» RECORDED DATA
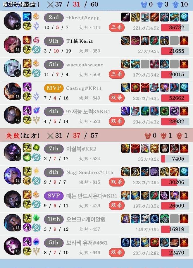 在这几天的训练中,keria使用了几个令玩家比较意外的辅助英雄。首先是辅助奎桑提,这个英雄一般是出现在上单位置,基本上没有在其他位置出现过,他练习这个英雄带的也是启封的秘籍,战绩还算不错,同时还使用了打野英雄蔚辅助,虽然这局比赛赢了,但是他确实作用不是很大,丛刃引燃的天赋一身输出装,感觉在辅助位置有一点四不像啊。作为lck赛区的k博士,确实应该提防着他的一些套路。
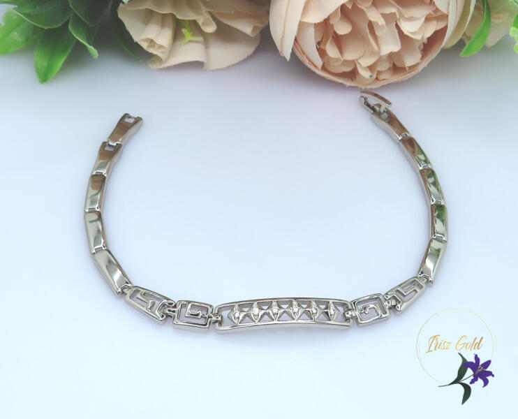 Gold Filled pici cirkóna kövekkel és görög motívummal díszített karkötő Szin: rodium (ezüst szín ) Méret: 19cm /5-6mm A forgalmazott divatékszerek alapanyaga nikkel és ólommentes ezért többnyire nem okoznak allergiás tüneteket, nyugodtan hordhatják fémérzékeny emberek is. Általában nem színezik a bőrt és más divatékszerekhez képest nagyságrendekkel jobb kopásáll
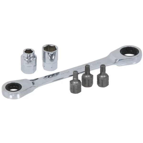 – 1 pc : Clé à œil à cliquet (14 mm – 19 mm)
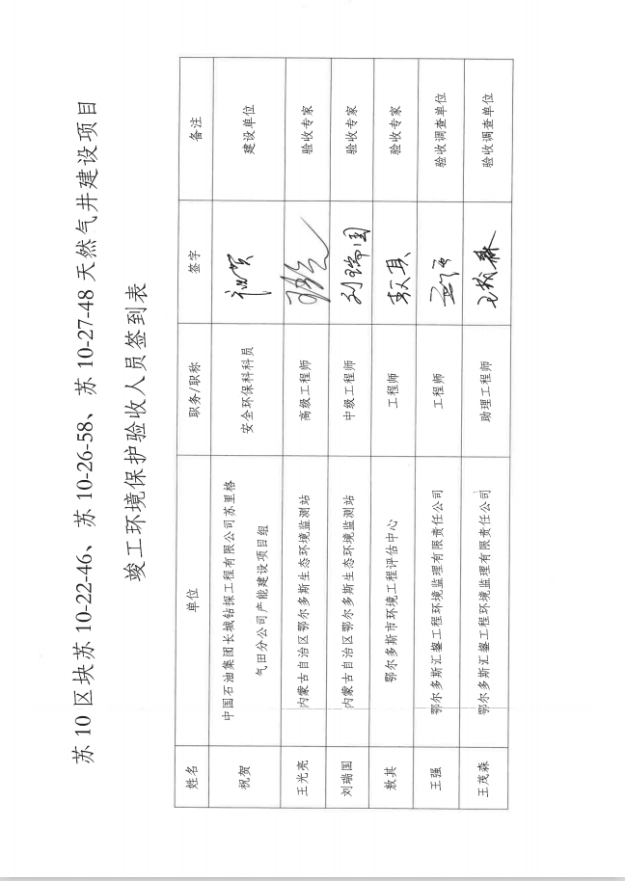 附件4:《苏10区块苏10-22-46、苏10-26-58、苏10-27-48天然气井建设项目竣工环境保护自主验收意见》及签到表。

» ABOUT THIS TASK
Please print the entire listing again exactly, minus its images.

» ANSWER FOR THE TASK
 在这几天的训练中,keria使用了几个令玩家比较意外的辅助英雄。首先是辅助奎桑提,这个英雄一般是出现在上单位置,基本上没有在其他位置出现过,他练习这个英雄带的也是启封的秘籍,战绩还算不错,同时还使用了打野英雄蔚辅助,虽然这局比赛赢了,但是他确实作用不是很大,丛刃引燃的天赋一身输出装,感觉在辅助位置有一点四不像啊。作为lck赛区的k博士,确实应该提防着他的一些套路。
 Gold Filled pici cirkóna kövekkel és görög motívummal díszített karkötő Szin: rodium (ezüst szín ) Méret: 19cm /5-6mm A forgalmazott divatékszerek alapanyaga nikkel és ólommentes ezért többnyire nem okoznak allergiás tüneteket, nyugodtan hordhatják fémérzékeny emberek is. Általában nem színezik a bőrt és más divatékszerekhez képest nagyságrendekkel jobb kopásáll
 – 1 pc : Clé à œil à cliquet (14 mm – 19 mm)
 附件4:《苏10区块苏10-22-46、苏10-26-58、苏10-27-48天然气井建设项目竣工环境保护自主验收意见》及签到表。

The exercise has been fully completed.